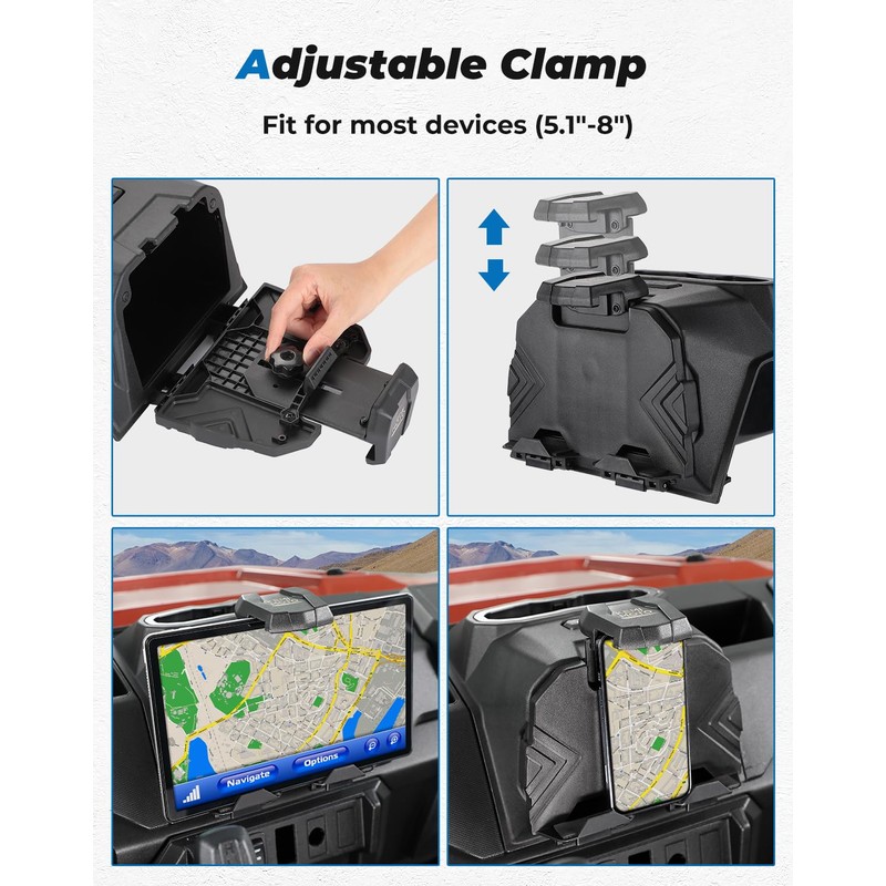 - Adjustable clamp: Securely hold your tablet, mobile phone, and navigator in place with KEMIMOTO's adjustable clamp that is compatible with most devices (5.1"-8"). The navigation holder is located above the UTV dashboard, allowing you to easily connect your device to the dashboard's power for charging.
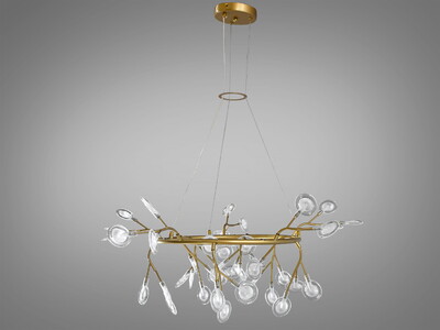 Унікальна підвісна люстра "Світлячок", 45 ламп, золото сатин
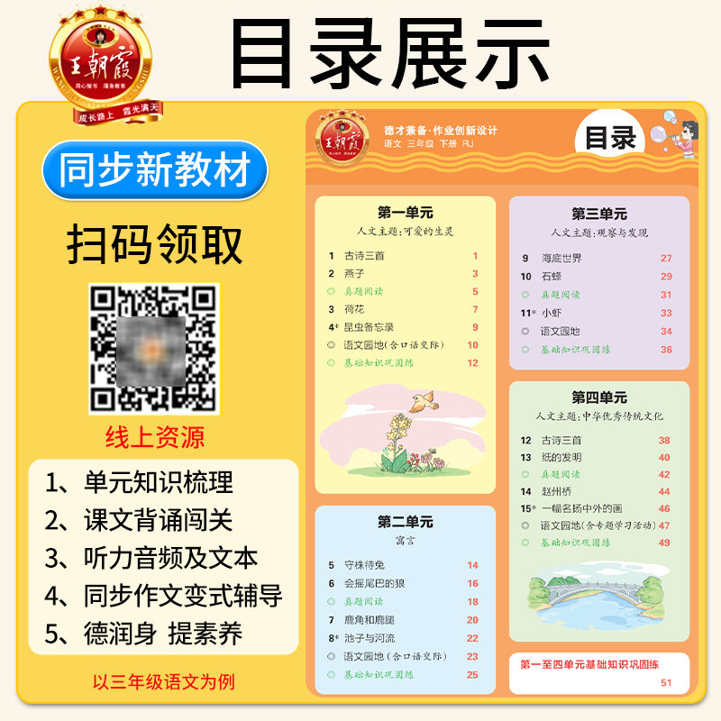 2026新版《王朝霞德才兼备作业创新设计》是一套专为小学一至六年级学生打造的同步练习册,涵盖语文、数学、英语(Join in、人教版、北师大版、剑桥版)等多个版本教材。该练习册紧扣新课标要求,注重分层训练,设置基础巩固、能力提升和拓展创新三大梯度,满足不同层次学生的学习需求。内容设计科学合理,题型新颖灵活,强调知识迁移与综合素养培养,助力学生夯实基础、提升思维。同时融入生活情境与实践应用,激发学习兴趣,真正实现“德才兼备”的育人目标,是学生课后巩固、教师教学辅助的理想之选。
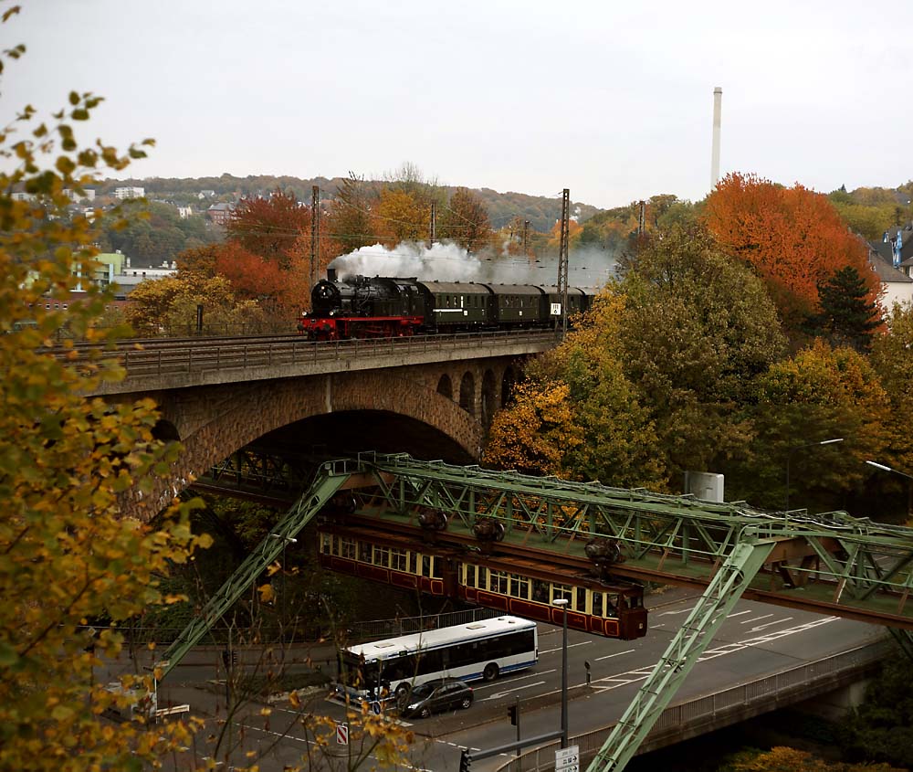 Verlassen wir den 9.11. und wenden uns wieder dem Alltagsgeschehen zu, leider konnte diese BIM-Ausgabe erst jetzt fertiggestellt werden, dafür gibt es auch ein paar interessante Herbstaufnahmen aus dem Jahre 2009, beginnen wir mit dem Solinger Brückenfest, gemeint ist die Müngstener Brücke. Die nun seit dem 27. Oktober nicht mehr als mit 100 Tonnen belastet werden darf. Damit ist der Verkehr mit herkömmlichen Zügen zukünftig erst einmal ausgeschlossen, nur die Triebwagen der Baureihe 628, aber auch die 643 und 644 oder 648, können weiterhin hier fahren, nur begegnen dürfen sie sich auf der Brücke wohl auch nicht mehr (war planmässig sowieso nicht vorgesehen, kam aber schon vor). Anstatt die nun 111 Jahre alte Brücke zu sanieren, kommen nun solche Einschränkungen ... |
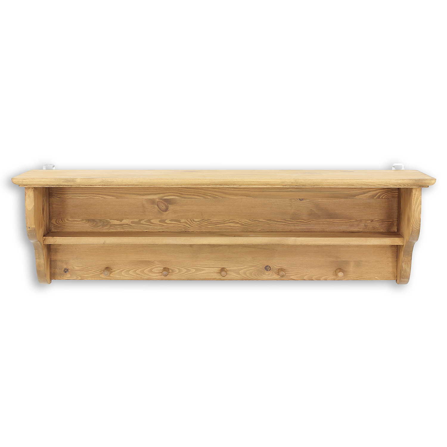 PK700 vaškuota pakabinama lentyna, sukurta kaimiško stiliaus ir pagaminta vien iš pušies masyvo, susideda iš atviros lentynos ir penkių medinių pakabų. Ji puikiai tinka prieškambaryje kaip papildoma viršutinių drabužių saugykla. Lentyna dekoruota unikaliais raižiniais. Matoma medienos tekstūra išryškina natūralios medienos grožį. PK700 suteiks bet kokiam interjerui unikalią atmosferą, kupiną šilumos ir jaukumo. Jos funkcionalumas labai palengvina daiktų laikymą.
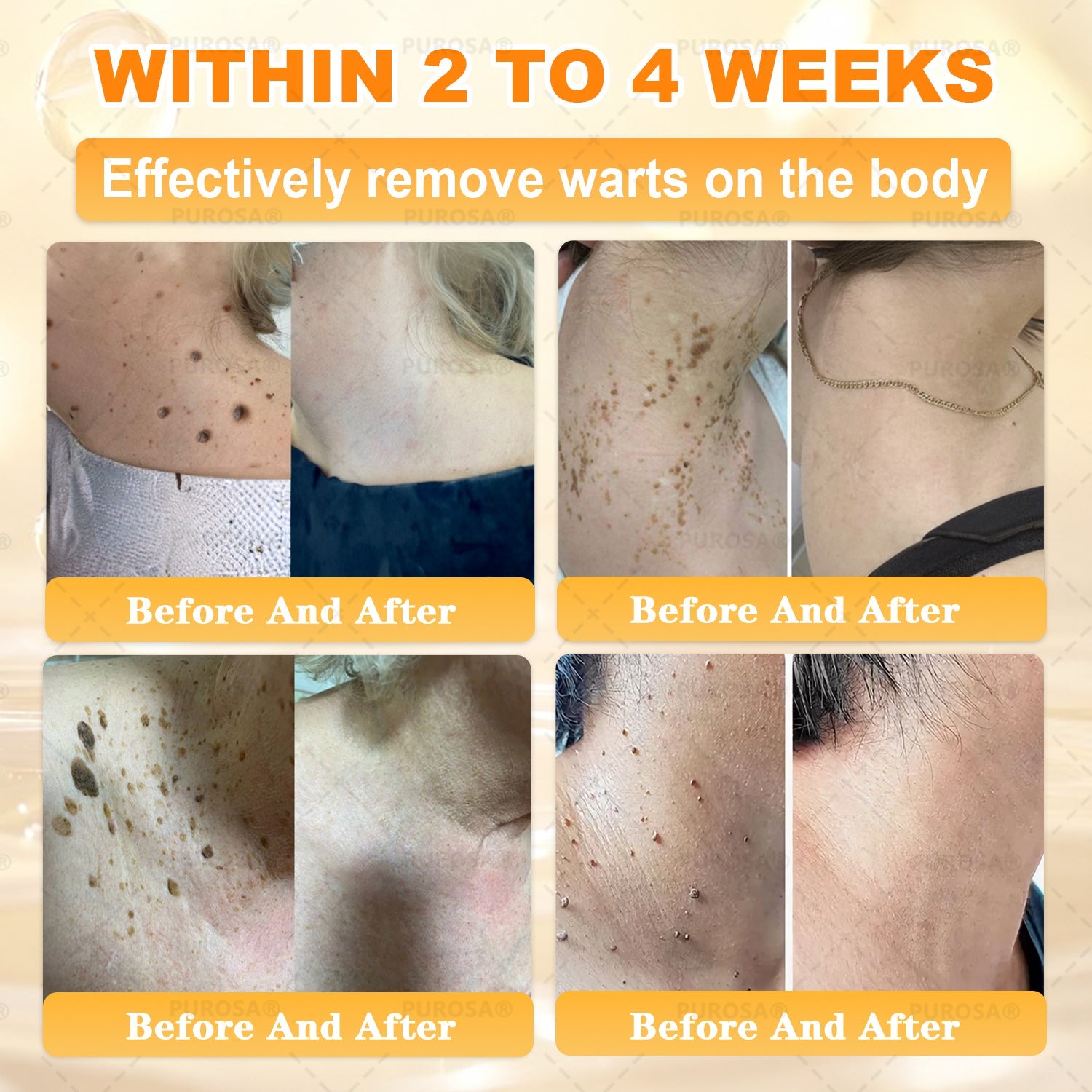 Moles and warts often form due to abnormal skin cell growth or mild viral irritation. This formula helps correct that imbalance naturally. Bee venom and propolis support healthy cell renewal, helping the skin shed abnormal growths safely, while salicylic acid gently softens keratin buildup so moles and warts dry up and fall off. Centella asiatica and aloe vera calm irritation, and grass-fed tallow strengthens the barrier to prevent dryness and scarring. With consistent use, most users notice visible fading in 7โ10 days and up to 80% reduction in size within three weeks, leaving skin clearer, smoother, and less prone to recurrence.
● ● ●
**Exercise prompt:** Every line from the one containing "PK700 vaškuota pakabinama" through the end of the listing is to be copied exactly; the pictures are not.

**Response for this exercise:**
 PK700 vaškuota pakabinama lentyna, sukurta kaimiško stiliaus ir pagaminta vien iš pušies masyvo, susideda iš atviros lentynos ir penkių medinių pakabų. Ji puikiai tinka prieškambaryje kaip papildoma viršutinių drabužių saugykla. Lentyna dekoruota unikaliais raižiniais. Matoma medienos tekstūra išryškina natūralios medienos grožį. PK700 suteiks bet kokiam interjerui unikalią atmosferą, kupiną šilumos ir jaukumo. Jos funkcionalumas labai palengvina daiktų laikymą.
 Moles and warts often form due to abnormal skin cell growth or mild viral irritation. This formula helps correct that imbalance naturally. Bee venom and propolis support healthy cell renewal, helping the skin shed abnormal growths safely, while salicylic acid gently softens keratin buildup so moles and warts dry up and fall off. Centella asiatica and aloe vera calm irritation, and grass-fed tallow strengthens the barrier to prevent dryness and scarring. With consistent use, most users notice visible fading in 7โ10 days and up to 80% reduction in size within three weeks, leaving skin clearer, smoother, and less prone to recurrence.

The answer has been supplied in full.